Ежевика фукнула, и умоляющими глазами посмотрела на Ворона. На этот раз он глядел прямо на нее, опустив прямые стрелы ресниц.
- Твоя сестра Кэт, тоже не напрасно к князю подбиралась! - устало проговорил он. - Как бы не сильна была ведьма, а в мире людском пропадет за полпятака медного, и как звали - не вспомнит никто! До того человечье отродье падко на женскую красоту, не удержишь его ни грехом, ни плеткой, ни колдовством! Поломает, задерет, как зверь куропатку! Да только зверь пожрать хочет, а человек дурь свою подогреть! А за княжеским титулом она получше, чем за рвом с крокодилами!

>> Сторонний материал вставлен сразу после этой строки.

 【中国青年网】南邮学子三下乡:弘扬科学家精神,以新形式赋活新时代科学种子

- Кро... чеволами? - переспросила Ежевика, не желая утопать в горькой, неприглядной правде сказанного оборотнем.
- Драконы такие, водные! Здесь не живут, а будешь умницей - отнесу тебя в далекую землю, поглядишь! - ласково проворчал Ворон. А Вороника хмыкнула и протянула им свою вонючую бурду. Ежевика спрятала нос на груди у Ворона, а он благодарственно каркнул что-то, и взял предложенную бурду. Воняло отвратительно, даже если не дышать, и Ежевика поспешно спросила, что само на язык присело:
- А почему надо детей в Ад отводить? Они ж вроде как, не грешны ничем, когда б успели?
- А не хотят их таких на небесах, не нужны они! - ответил Ворон без всякого выражения. И так же ровно добавил:
- А в Аду из них шкурок наделают, пуховых, на зиму своим детишкам, чтоб не повымерзли!

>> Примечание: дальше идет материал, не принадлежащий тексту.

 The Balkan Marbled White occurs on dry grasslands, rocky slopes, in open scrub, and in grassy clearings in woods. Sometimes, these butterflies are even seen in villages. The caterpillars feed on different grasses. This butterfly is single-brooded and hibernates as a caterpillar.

«Это что же, в Аду зима своя есть?» - озадачилась Ежевика, но вслух сказала иное:
- Ты вот про красоту все говорил, что она вредная, а тогда зачем же Отец Люцифер нас ею одаривает? Не во вред же нам?

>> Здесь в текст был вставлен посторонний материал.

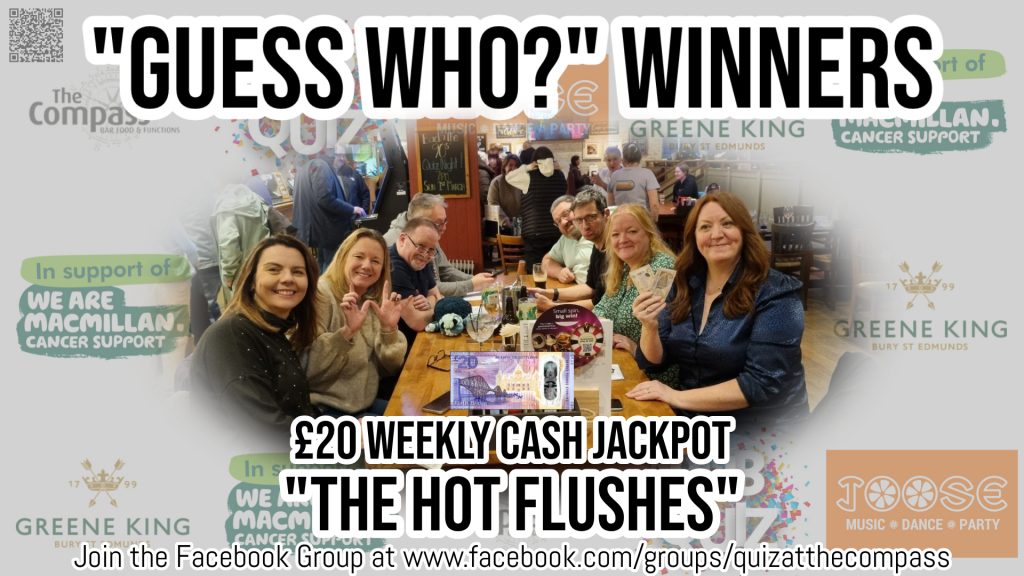 Newcomers “The Hot Flushes” had correctly guessed TV sports broadcasting legend Des Lynam as our mystery celebrity and were drawn out to win the £20. They very generously donated their winnings to Macmillan Cancer Support, so a HUGE thanks to them!

- Дхаре-дхарерон, в моем народе его зовут, - проворил Ворон и отхлебнул из ступки Вороникиной пакости. Та довольно кивнула, а он скривился, и бросил на нее взгляд:
- Уф, матушка, ну и намутила ты болотных грязей, - проворчал он, а она рассмеялась смехом неожиданно хриплым и вздорным, против ее обычных трелей серебряных.
- Тьфу, - сплюнул на сторону Ворон, и Ежевика в этот момент вдруг поняла, что уже день настал. Страшной, все жилы из нее вытянувшей ночи, как не бывало!
- Так это он просто так, потому что ему нравится все красивое!
- Так говорят же, ведьмы все старухи-уродины, - с сомнением ответила Ежевика, и поглядела на ступку с жидкой пакостью у него в руках. «И мне, чтоль, тоже прихлебнуть? Кости горят, кровь вязнет и рассыпается», - подумала она и потянулась к снадобью. Раз он пьет, то наверняка, и ей надо! «Мы ж с ним оба провожатые» - кивнула она сама себе, и обмакнула палец в пойло.
- И чего, ты каждую ересь и чепуху, кто-где-чего брякнет, хватаешь и в карман кладешь? - рассмеялся Ворон и потрепал ее по голове свободной рукой. Она в это время зажмурилась и лизнула палец. Гааааадость!! Рот свело, горло скрючило, но она зажмурилась и наощупь схватив ступку, залила в пережатую глотку, сколько могла. Свет в глаза померк, и ей показалось, что она на мгновение умерла.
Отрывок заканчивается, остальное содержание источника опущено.